U.S. flag

An official website of the United States government, Department of Justice.

Results of a Black Box Study on the Accuracy and Reliability of Palm Print Comparisons

Event Dates
Event Duration
1 hour
Location
Online

In 2011, a team of researchers from the FBI and Noblis published in the Proceedings of the National Academy of Sciences the first large-scale black box study measuring the accuracy of fingerprint examiners. They reported a low rate of false positives (0.1%) and a much higher rate of false negatives (about 7.5%). The FBI/Noblis study dealt only with impressions originating from the distal phalanges of fingers (fingerprints). Anecdotally, it is estimated that approximately 30% of comparison cases involve palm impressions. It has been hitherto unknown whether examiners are equally accurate at both tasks. This presentation provides the results of a first-of-its-kind large-scale black box study that measured examiners’ accuracy when conducting exclusively palm comparisons.

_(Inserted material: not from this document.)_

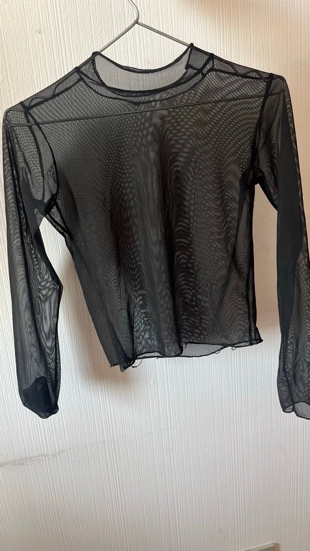 Uzun kollu, boğazlı ve siyah transparan sentetik kumaştan yapılmış dar kesim bluz. Koyu renkte, desensiz ve gotik stile uygun.

This presentation reports on the results recorded both during the Analysis and Comparison phases by a total of 226 fingerprint examiners. These examiners carried out a total of 12,279 determinations in Analysis and 9,460 decisions following Comparison. The pool of cases was composed of 526 pairings of known ground truth, that is the source of the unknown impressions was known to the researchers before conducting the study. Both known mated pairs and known non-mated pairs were presented. Participants first performed a suitability analysis on unknown marks. As such, not all unknown marks proceeded to comparison. Those deemed by the examiner to be unsuitable were not presented with a known exemplar to compare. Unknown marks and known exemplars varied in quantity and quality of features to reflect the complexity of casework.